This is essentially what traditional database systems do. When you want to modify a record, you place a lock on it. That lock is like checking out the book. Nobody else can touch that record until you're finished and release the lock.

Computer scientists call this pessimistic concurrency control, or more colloquially, pessimistic locking. The name is apt. The system assumes the worst: that conflicts will happen constantly, so we must prevent them at all costs.

And for decades, this worked reasonably well.

But then came the web.

Why the Web Broke Everything

HTTP, the protocol that underlies every website you've ever visited, has a peculiar property: it's stateless. Each request exists in isolation. The server has no memory of what came before.

This creates an immediate problem for locks.

Imagine you open a form to edit your profile on some website. With pessimistic locking, the moment you open that form, the system would lock your profile record. Nobody else can edit it until you're done.

But what if you get distracted? What if you open the form, get a phone call, and forget about it? What if you simply close the browser tab without clicking "Save" or "Cancel"?

The server has no way to know. HTTP doesn't maintain a persistent connection. There's no "user closed the tab" message. That lock just sits there, blocking everyone else, until some arbitrary timeout expires.

Now multiply this by millions of users and you have a disaster.

The Optimistic Alternative

Optimistic Concurrency Control, often abbreviated as OCC, takes the opposite approach. Instead of preventing conflicts, it detects them.

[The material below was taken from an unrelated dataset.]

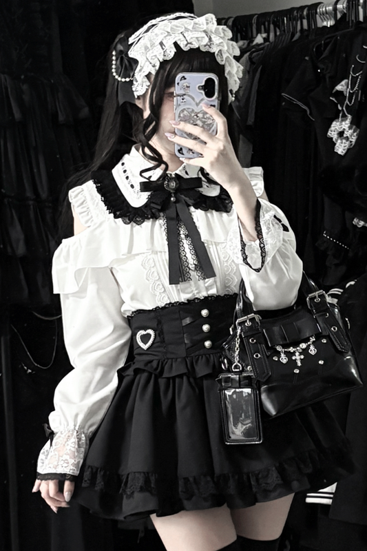 地雷ロングスリーブシャツ+ハイウエストスカート+リボンネクタイ
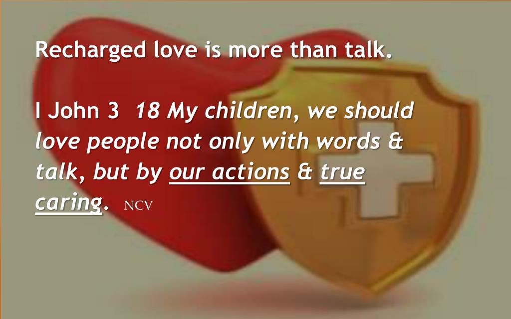 Recharged love is more than talk. I John 3 18 My children, we should love people not only with words & talk, but by our actions & true caring. NCV

The philosophy is simple: most of the time, people aren't actually trying to edit the same record simultaneously. Conflicts are rare. So why make everyone pay the cost of locking when most transactions will complete without any interference at all?

Under OCC, here's what happens:

  1. You start working. The system notes when you began.
  2. You make your changes. But these changes are tentative, not yet permanent.
  3. You try to save. At this moment, the system checks: has anyone else modified this data since you started?
  4. If the coast is clear, you're done. Your changes become permanent.
  5. If there's a conflict, you start over. The system tells you what happened, and you try again.

That's it. No locks. No waiting. Just a check at the end.

The Beautiful Tradeoff

This approach has a beautiful property: when conflicts are rare, it's dramatically faster than pessimistic locking.

Think about it. With locks, every single transaction pays the overhead of acquiring locks, maintaining them, and releasing them. Every transaction must wait if someone else holds a lock it needs. Even if conflicts never actually happen, you're paying the full cost of preventing them.

With OCC, conflict-free transactions fly through the system at full speed. The only cost is that quick check at the end. When 99% of your transactions have no conflicts, you've just eliminated 99% of your locking overhead.

But there's a catch.

When conflicts are common, OCC can actually perform worse than pessimistic locking. Much worse. Because when a conflict is detected, the transaction must roll back and start over. All that work, wasted. If conflicts happen frequently, you end up doing the same work over and over, never quite getting it to stick.

It's like the difference between two traffic management strategies. Pessimistic locking is like traffic lights: everyone stops and waits their turn, even when no other cars are coming. OCC is like a roundabout: cars flow freely, but occasionally someone has to circle back and try again. Roundabouts work brilliantly when traffic is light. They become chaotic nightmares when traffic is heavy.

How HTTP Actually Does This

Here's something that might surprise you: HTTP has built-in support for optimistic concurrency control. It's been there since the 1990s, hiding in plain sight.

When a web server sends you a resource, it can include something called an ETag—think of it as a fingerprint of the content. When you later try to update that resource, you send the ETag back with your request, essentially saying: "I'm modifying the version with this fingerprint."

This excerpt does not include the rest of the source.